From around the mining complex came the sound of sporadic weapons fire. Hoisting the pulse rifle in her arms, Sue set off in a crouching run in the direction she had sent Chris and Jodee. The mother lioness would not let anything hurt her cubs.
#
Reaching the end of the culvert, Jodee risked a peek over its lip. The sweat caused by the exertion of crawling as fast as she could across the sharp stones had plastered her normally perfectly groomed blond hair to her forehead and she used her fingers to pull at the unkempt strands that fell in front of her eyes and obscured her vision. Balancing on one hand, she suddenly found her face pushed into the compacted earth side of the culvert as Chris col
lided with his now stationary sister. Spitting out a mouthful of dirt, she spun to face her younger, by a whole fifteen minutes, twin brother.

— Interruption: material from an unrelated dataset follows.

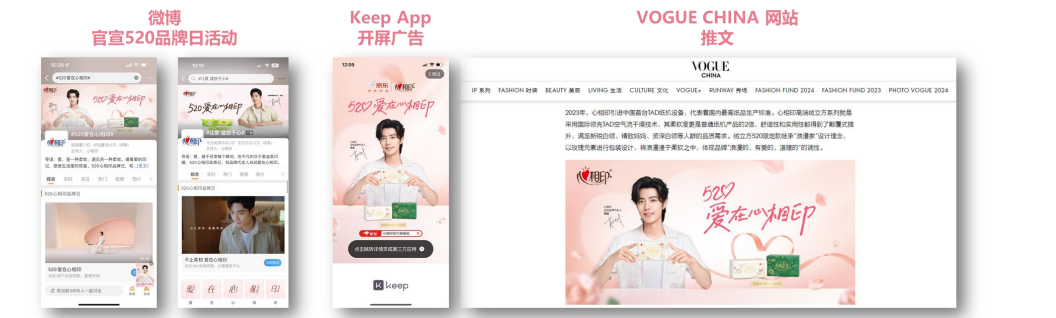 心相印以 520 品牌日为核心契机,面向全年龄段家庭及品质消费人群,围绕 “爱在心相印” 主题展开整合营销,通过 27 城分众梯媒规模化覆盖、代言人线下互动、微博 / Keep/VOGUE 等线上矩阵联动,强化 “100% 原生木浆 = 好纸巾标准” 的品质认知,传递温暖、守护、有爱的品牌价值,最终实现品牌活跃度与购买意愿大幅提升,全渠道增速领跑行业,家庭渗透率再创新高。

“Watch what you’re doing, klutz,” she rebuked him in a harsh whisper.
“If your ass wasn’t so big there would have been room for me to stop,” replied Chris.
Deciding that ignoring Chris was probably the best course of action at this point, Jodee used the sleeve of her jacket to wipe the dirt from her face before sneaking another peek over the culverts lip. Partially hidden by a single-story building which stretched back toward the center of the complex, there was the large, inviting entrance to the mine proper. Chris squeezed up beside her in the culvert’s narrow confines and raised his head also.
“There it is,” he said. “I guess maybe 100, 110 meters.”
Jodee eyed up the distance herself. Chris had called it about right. Jodee had always been the better athlete of the twins, not by much, but enough that it gave her bragging rights around the dining table, running as fast as she could she could probably cover the distance in maybe thirteen or fourteen seconds. A loud explosion, followed by the ground beneath her feet shaking, reminded her that this was not the athletic track back at school. Ducking back into the culvert, she faced Chris.
“You ready for this?” she asked.
Chris gave her the same cheeky grin that had always reminded her of dad. “No. But that ain't going to stop us, is it?”